THE TASK:
Below are records to transcribe in full and unchanged; omit every picture.
BEGIN
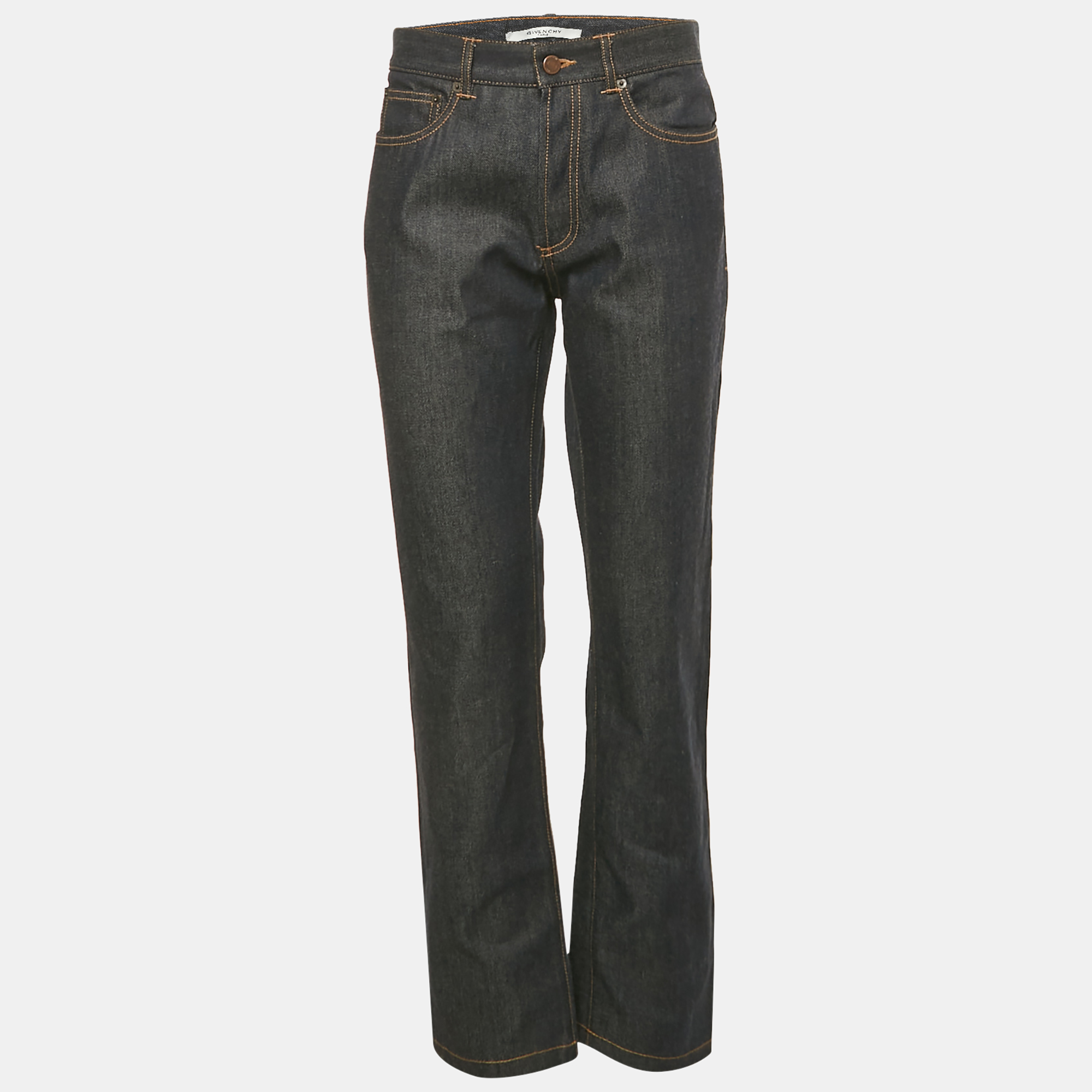 These dark denim jeans from Givenchy feature distinctive leather trimmed pockets, blending utilitarian edge with classic structure. The mid rise silhouette and clean tailoring make them ideal for transitional styling with elevated basics or bold outerwear.
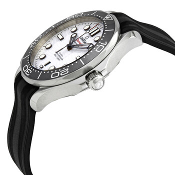 Silver-tone stainless steel case with a black rubber strap. Uni-directional rotating (count-up elapsed time) silver-tone stainless steel with a black ceramic ring bezel. White dial with luminous black skeleton hands and dot hour markers. Minute markers around the outer rim. Dial Type: Analog. Luminescent hands and markers. Date display at the 6 o'clock position. Omega Calibre 8800 Automatic movement, containing 35 Jewels, bitting at 25200 vph, and has a power reserve of approximately 55 hours. Scratch resistant sapphire crystal. Screw down crown. Transparent case back. Round case shape, case size: 42 mm. Band width: 20 mm. Tang clasp. Water resistant at 300 meters / 1000 feet. Functions: date, hour, minute, second, co-axial escapement, chronometer, magnetic resistant. Seamaster Series. Dive watch style. Watch label: Swiss Made. Omega Seamaster Automatic White Dial Men's Watch 210.32.42.20.04.001.
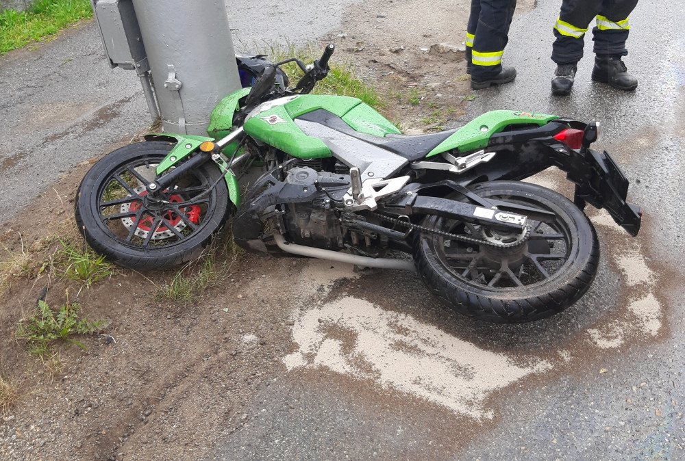 Nehoda na Romana Havelky. Motorkáře, který se srazil s autem, transportovali do jihlavské nemocnice
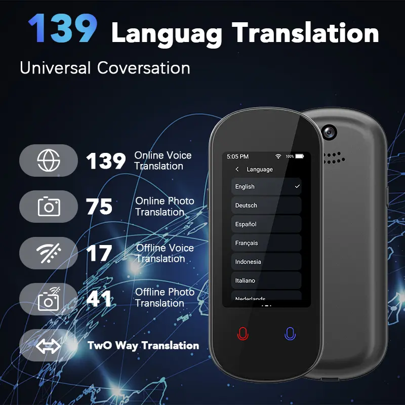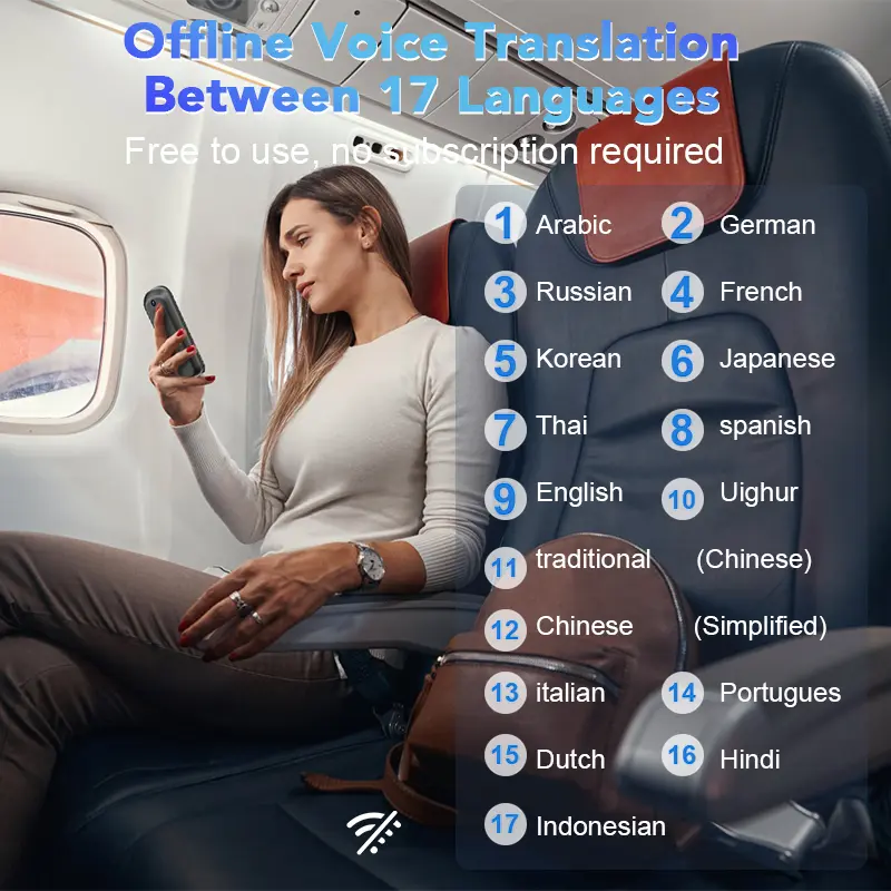 Offline Translation- Provides 17 free offline language translations: English, Spanish, Mandarin Chinese, Traditional Chinese, Japanese, Korean, German, Russian, French, Thai, Arabic (Saudi), Italian, Portuguese, Dutch, Indonesian, Hindi. Communicate confidently anywhere. Note that 5 languages require downloading language packs beforehand. Refer to the user manual for details.
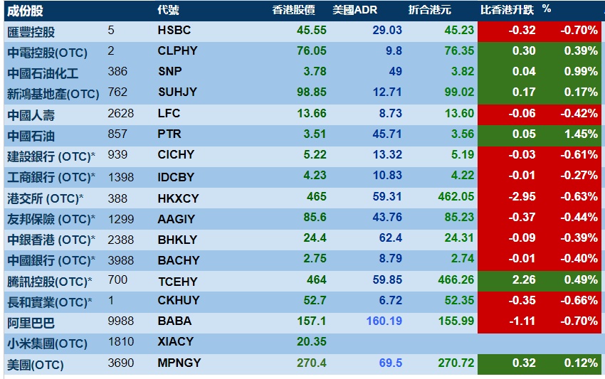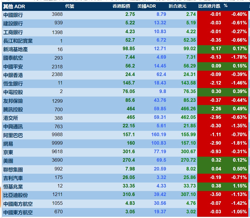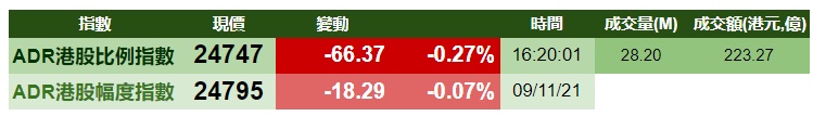 智通财经APP获悉,周二美股三大指数齐跌,港股ADR指数下跌,按比例计算,收报24747点,跌66.37点或0.27%。
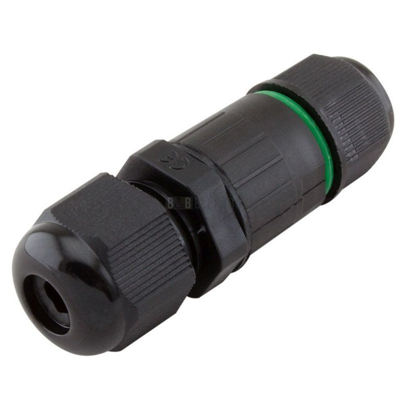 Kabelová vodotěsná spojka pro vícežilové kabely s krytím IP68. Vhodná pro venkovní použití, např. pro připojení LED reflektorů.
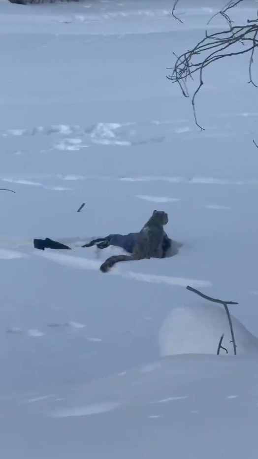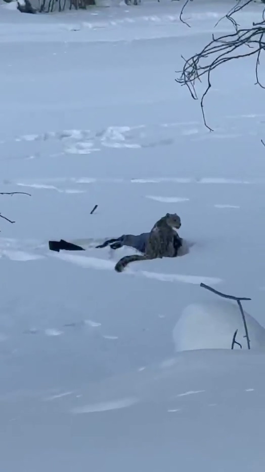 大雪封山导致食物获取困难,饿了一天的雪豹看到送上门的人类,还以为闯入了自助餐厅,一眼丁真,鉴定为毫无常识
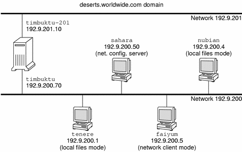 Finally, the machine timbuktu is configured as a router. The machine includes two network interfaces. The first interface is named timbuktu. This interface belongs to network 192.9.200. The second interface is named timbuktu-201. This interface belongs to network 192.9.201. Both networks are in the organizational domain deserts.worldwide.com. The domain uses local files as its name service.
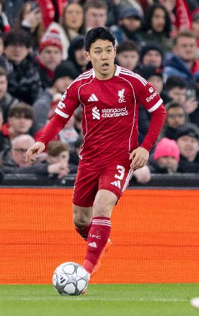 カラバフ戦の前半、攻め込むリバプールの遠藤=リバプール(共同)
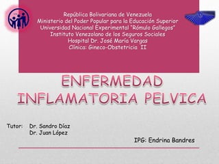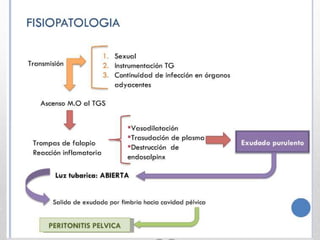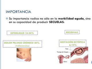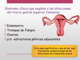 Este documento trata sobre el síndrome de enfermedad pélvica inflamatoria (EPI), la cual engloba las infecciones del tracto genital superior femenino. La EPI es una de las complicaciones más frecuentes de las infecciones de transmisión sexual. Describe los factores de riesgo, síntomas, diagnóstico, tratamiento y prevención de esta afección ginecológica común.
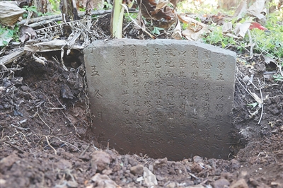 2003年,在通潮阁遗址附近山坡上发现的《通潮飞阁碑》残碑。 陈超 摄
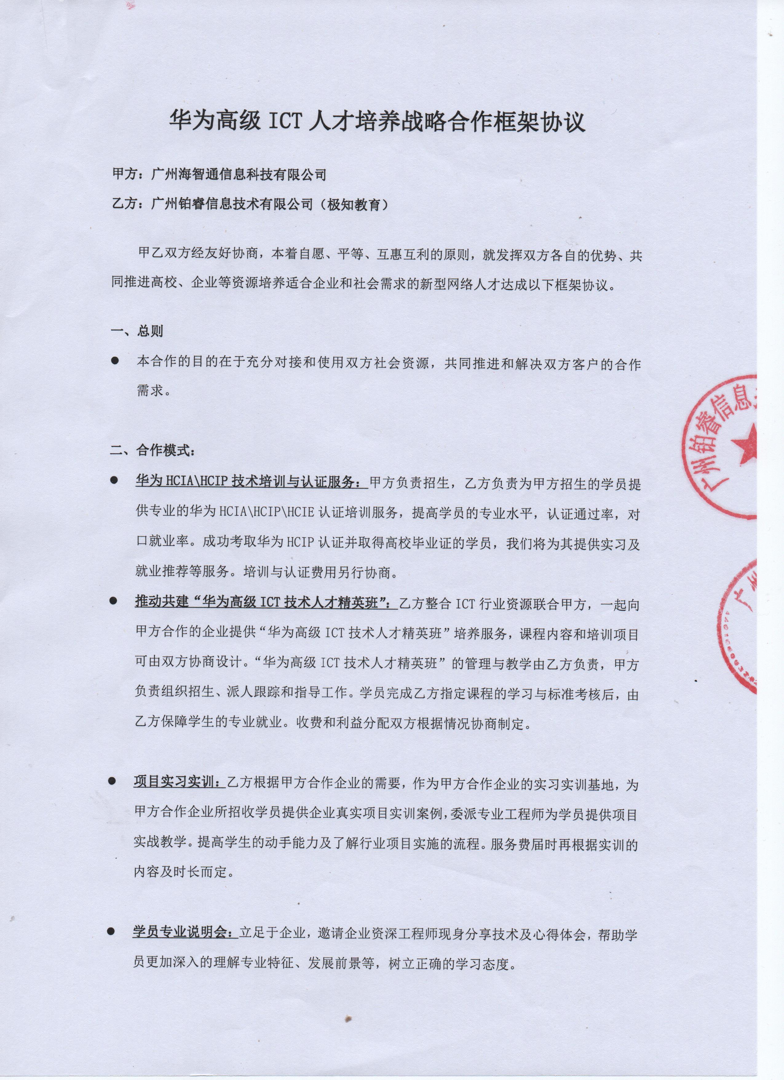 华为培训认证合作协议
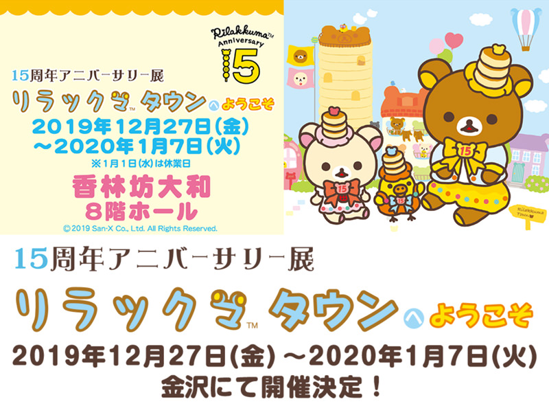 「15周年アニバーサリー展 リラックマタウンへようこそ」が、2019年12月27日(金)から2020年1月7日(火)まで、金沢市の香林坊大和にて開催されます。
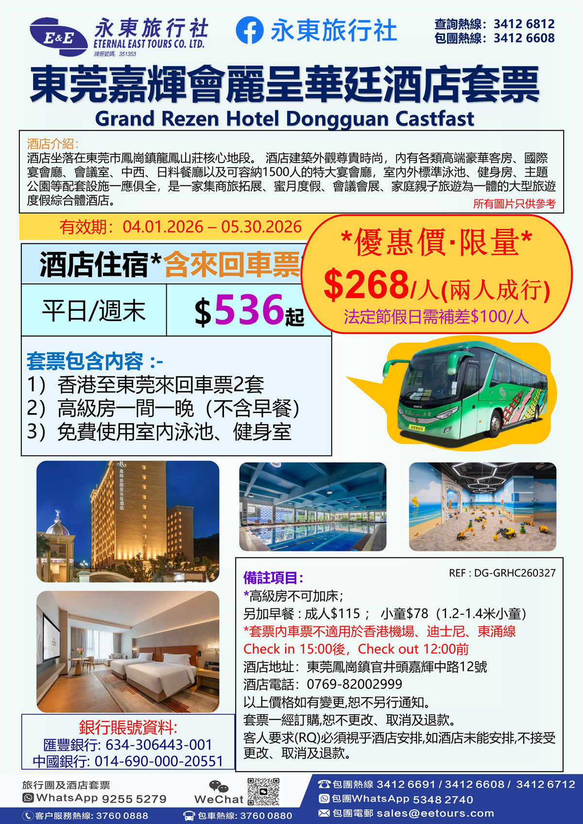 限量優惠價|東莞嘉輝會麗呈華廷酒店套票(含來回車票)
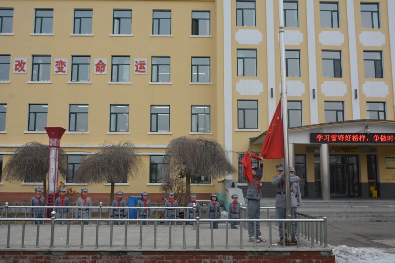 仪式开始前,政教处的辅导员老师用手机播放音乐,带领着同学们一遍遍重复练习着,以求接下来的圆满完美。迎着朝阳,全体师生肃立在国旗下,伴随着庄严嘹亮的国歌,鲜艳的五星红旗冉冉升起,在晨光中献上对祖国最深切的祝福。仪式上,五年二班的同学国旗下演讲用动听的话语呼吁全体师生学习雷锋精神,争做时代少年。
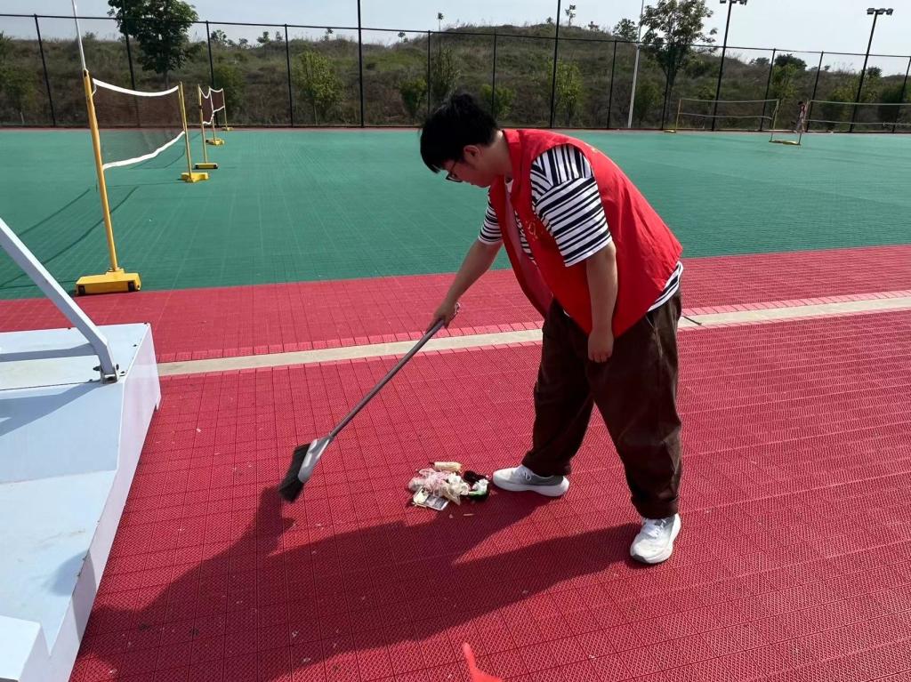学院师生积极投入到大扫除活动中。大家分工合作、团结一心,对学院多处地方进行了认真细致的清扫。在学院包联区域的篮球场,大家一丝不苟的捡拾地面的垃圾,沉积的灰尘被一扫而空,变得干净整洁。大家用自己辛勤的双手为校园创造了一道绚丽的风景线。
END
TASK ANSWER:
 These dark denim jeans from Givenchy feature distinctive leather trimmed pockets, blending utilitarian edge with classic structure. The mid rise silhouette and clean tailoring make them ideal for transitional styling with elevated basics or bold outerwear.
 Silver-tone stainless steel case with a black rubber strap. Uni-directional rotating (count-up elapsed time) silver-tone stainless steel with a black ceramic ring bezel. White dial with luminous black skeleton hands and dot hour markers. Minute markers around the outer rim. Dial Type: Analog. Luminescent hands and markers. Date display at the 6 o'clock position. Omega Calibre 8800 Automatic movement, containing 35 Jewels, bitting at 25200 vph, and has a power reserve of approximately 55 hours. Scratch resistant sapphire crystal. Screw down crown. Transparent case back. Round case shape, case size: 42 mm. Band width: 20 mm. Tang clasp. Water resistant at 300 meters / 1000 feet. Functions: date, hour, minute, second, co-axial escapement, chronometer, magnetic resistant. Seamaster Series. Dive watch style. Watch label: Swiss Made. Omega Seamaster Automatic White Dial Men's Watch 210.32.42.20.04.001.
 Nehoda na Romana Havelky. Motorkáře, který se srazil s autem, transportovali do jihlavské nemocnice
 Offline Translation- Provides 17 free offline language translations: English, Spanish, Mandarin Chinese, Traditional Chinese, Japanese, Korean, German, Russian, French, Thai, Arabic (Saudi), Italian, Portuguese, Dutch, Indonesian, Hindi. Communicate confidently anywhere. Note that 5 languages require downloading language packs beforehand. Refer to the user manual for details.
 智通财经APP获悉,周二美股三大指数齐跌,港股ADR指数下跌,按比例计算,收报24747点,跌66.37点或0.27%。
 Kabelová vodotěsná spojka pro vícežilové kabely s krytím IP68. Vhodná pro venkovní použití, např. pro připojení LED reflektorů.
 大雪封山导致食物获取困难,饿了一天的雪豹看到送上门的人类,还以为闯入了自助餐厅,一眼丁真,鉴定为毫无常识
 Finally, the machine timbuktu is configured as a router. The machine includes two network interfaces. The first interface is named timbuktu. This interface belongs to network 192.9.200. The second interface is named timbuktu-201. This interface belongs to network 192.9.201. Both networks are in the organizational domain deserts.worldwide.com. The domain uses local files as its name service.
 カラバフ戦の前半、攻め込むリバプールの遠藤=リバプール(共同)
 Este documento trata sobre el síndrome de enfermedad pélvica inflamatoria (EPI), la cual engloba las infecciones del tracto genital superior femenino. La EPI es una de las complicaciones más frecuentes de las infecciones de transmisión sexual. Describe los factores de riesgo, síntomas, diagnóstico, tratamiento y prevención de esta afección ginecológica común.
 2003年,在通潮阁遗址附近山坡上发现的《通潮飞阁碑》残碑。 陈超 摄
 华为培训认证合作协议
 「15周年アニバーサリー展 リラックマタウンへようこそ」が、2019年12月27日(金)から2020年1月7日(火)まで、金沢市の香林坊大和にて開催されます。
 限量優惠價|東莞嘉輝會麗呈華廷酒店套票(含來回車票)
 仪式开始前,政教处的辅导员老师用手机播放音乐,带领着同学们一遍遍重复练习着,以求接下来的圆满完美。迎着朝阳,全体师生肃立在国旗下,伴随着庄严嘹亮的国歌,鲜艳的五星红旗冉冉升起,在晨光中献上对祖国最深切的祝福。仪式上,五年二班的同学国旗下演讲用动听的话语呼吁全体师生学习雷锋精神,争做时代少年。
学院师生积极投入到大扫除活动中。大家分工合作、团结一心,对学院多处地方进行了认真细致的清扫。在学院包联区域的篮球场,大家一丝不苟的捡拾地面的垃圾,沉积的灰尘被一扫而空,变得干净整洁。大家用自己辛勤的双手为校园创造了一道绚丽的风景线。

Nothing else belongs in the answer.